Consul Command line Query service _Consul Cluster high availability test

Through the failover test of Consul cluster, we can know its high availability working mechanism.

Consul Node IP address Role Consul version log path

Consul01192.168.101.11 server0.9.3 / var/log/consulconsul02192.168.101.12 server0.9.3 / var/log/consulconsul03192.168.101.13 se Rver (leader) 0.9.3 / var/log/consul

Note: We are verifying consul cluster’s high availability, not Geo Failover that comes with Consul.

Initial cluster status (ignored by client nodes)

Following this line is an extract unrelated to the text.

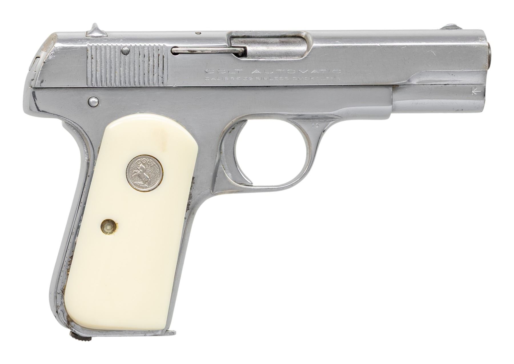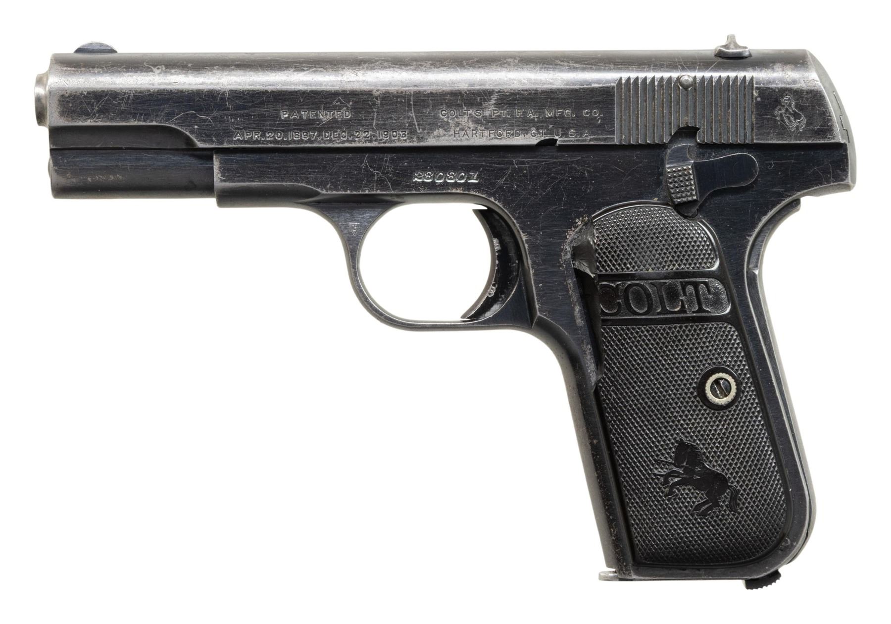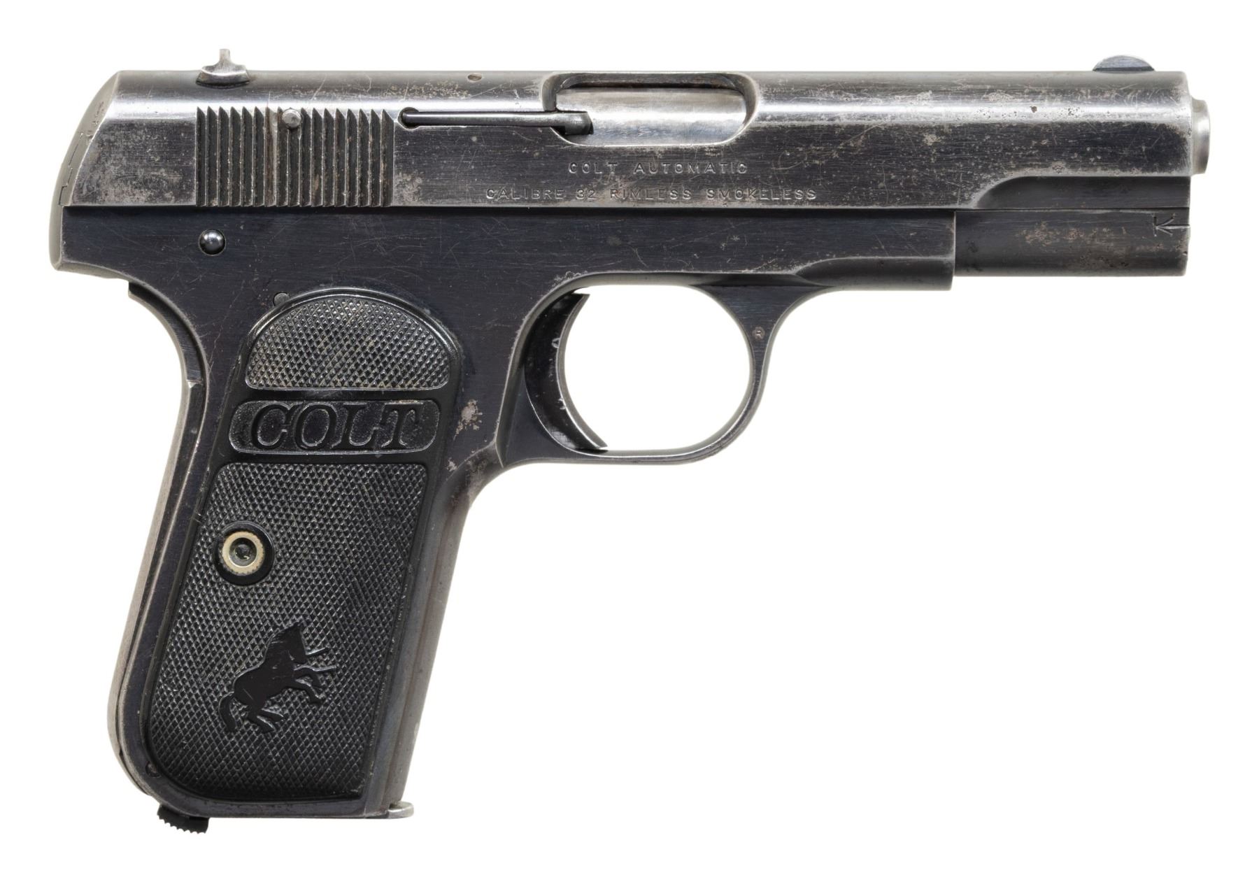 SEMI-AUTOMATIC PISTOLS. 1) COLT MODEL 1908 HAMMERLESS SEMI-AUTOMATIC PISTOL. Cal. 380 ACP. S# 91185. Bbl. 3 3/4". Model 1908 Hammerless semi-automatic pistol mfg. by Colt in 1928. Left side of the slide is marked with Colt's 2-line mfg. and patent information, followed by the Rampant Colt logo, with "COLT AUTOMATIC/ CALIBRE .380 HAMMERLESS" marked on the right. Metal components exhibit a blue finish overall, save for on the muzzle and chamber areas of the bbl., which are polished in-the-white. Frame is mounted with 2-piece Colt silver medallion checkered wood grips. Standard fixed half-moon blade front sight and dovetailed U-notch rear sight. Slide matches the frame via the full S# on the interior. MAGS: x1 dual-tone 7-rd. CONDITION: metal components retain large amounts of their original factory blue finish, exhibiting areas of wear and thinning that have faded to gray patina, with scattered spots and small patches of light surface oxidation and pitting overall. Bore is bright, exhibiting a consistent scattering of light to mild surface oxidation and pitting, while retaining good rifling throughout. Proper manual mechanics. Grips show heavy smoothing, as well as scattered marks and impressions from handling and storage, but otherwise remain sound. (25-5386/MLW). 2) COLT MODEL 1903 HAMMERLESS SEMI-AUTOMATIC PISTOL. Cal. 32 Rimless. S# 280801. Bbl. 3 3/4". Model 1903 Hammerless semi-automatic pistol mfg. by Colt in 1918. Left side of the slide is marked with Colt's patent and mfg. information, followed by the Rampant Colt logo, with "COLT AUTOMATIC/ CALIBRE 32 RIMLESS SMOKELESS" marked on the right. Metal components exhibit a blue finish overall, save for on the bbl., which is polished in-the-white. Frame is mounted with 2-piece "COLT" checkered brown hard rubber grips. Standard fixed half-moon blade front sight and dovetailed U-notch rear sight. Slide matches the frame via "801" on the interior. MAGS: x1 dual-tone 8-rd. CONDITION: metal components retain large amounts of their original factory blue finish, exhibiting areas and patches of wear fading to gray patina, with scattered spots of mild pitting present overall. Very bright bore, exhibiting consistent light pitting, while retaining good rifling throughout. Proper manual mechanics. Grips show light to mild smoothing and some superficial handling marks, with the left grip exhibiting a large chip at the upper left section of the panel. (25-5396/MLW). 3) COLT MODEL 1903 HAMMERLESS SEMI-AUTOMATIC PISTOL. Cal. 32 Rimless. S# 540693. Bbl. 3 3/4". Model 1903 Hammerless semi-automatic pistol mfg. by Colt in 1940. Left side of the slide is marked with Colt's 2-line mfg. and patent information (Rampant Colt logo obliterated), with "COLT AUTOMATIC/ CALIBRE 32 RIMLESS SMOKELESS" marked on the right. Metal components exhibit a reapplied nickel plated finish overall, save for on the bbl., which is blued, as well as polished in-the-white at the muzzle and chamber areas. Frame is mounted with 2-piece Ajax aftermarket Colt silver medallion faux ivory grips. Standard fixed blade front sight and dovetailed square notch rear sight. Slide matches the frame via the full S# on the interior. MAGS: x1 reapplied nickel plated 8-rd. CONDITION: metal components retain the majority of their reapplied nickel finish, showing scattered spots and patches of flaking that show through to gray patina, with scattered patches of mild to moderate pitting. Relatively bright bore, exhibiting consistent light to mild pitting, while retaining good rifling throughout. Proper manual mechanics. Grips show some superficial handling marks, but otherwise remain sound. Interior of right grip panel is chipped around the screw slot, with a previous glued repair having broken free. (25-5410/MLW). ALL CURIO. $850-1,300.

[root@consul01 consul]# ./consul operator raft list-peersNode ID Address State Voter RaftProtocolconsul02 192.168.101.12:8300 192.168.101.12:8300 follower true 2Consul03 192.168.101.13:8300 192.168.101.13:8300 1 [root@consul01 consul]#./consul membersNode Address Status Type Build Protocol DC Segmentconsul01 192.168.101.11:8301 Alive server 0.9.3 2 DC Consul02 192.168.101.12:8301 Alive Server 0.9.3 2 DC Consul03 192.168.101.13:8301 Alive Server 0.9.3 2 DC consul03...Copy the code

Consul of a TSOP domain is a cluster of three server nodes and theoretically supports a maximum of one server node failure. Therefore, we test whether a server node failure affects the cluster

Consul Cluster simulated fault test

§1. Stop a Follower Server node

Take the Consul01 node as an example

[root@consul01 consul]# systemctl stop consul 
Copy the code

Logs of other nodes

[root@consul02 ~]# tail -100 /var/log/consul 2019/02/12 02:30:38 [INFO] serf: EventMemberFailed: Consul01 [INFO] consul01: Handled member-failed event for server "consul01.dc" in area "wan" 2019/02/12 02:30:39 [INFO] serf: EventMemberLeave: Consul01 192.168.101.11Copy the code

View cluster information on other nodes

[root@consul03 consul]# ./consul operator raft list-peersNode ID Address State Voter RaftProtocolconsul02 192.168.101.12:8300 192.168.101.12:8300 follower true 2Consul03 192.168.101.13:8300 192.168.101.13:8300 2[root@consul03 consul]#./consul membersNode Address Status Type Build Protocol DC Segmentconsul01 192.168.101.11:8301 Left Server 0.9.3 2 DC consul02 192.168.101.12:8301 alive server 0.9.3 2 DC consul03 192.168.101.13:8301 alive server 0.9.3 2 dc...Copy the code

Check whether the cluster is running properly. (Query the registration service. If no service exists, manually create one using Consul API.)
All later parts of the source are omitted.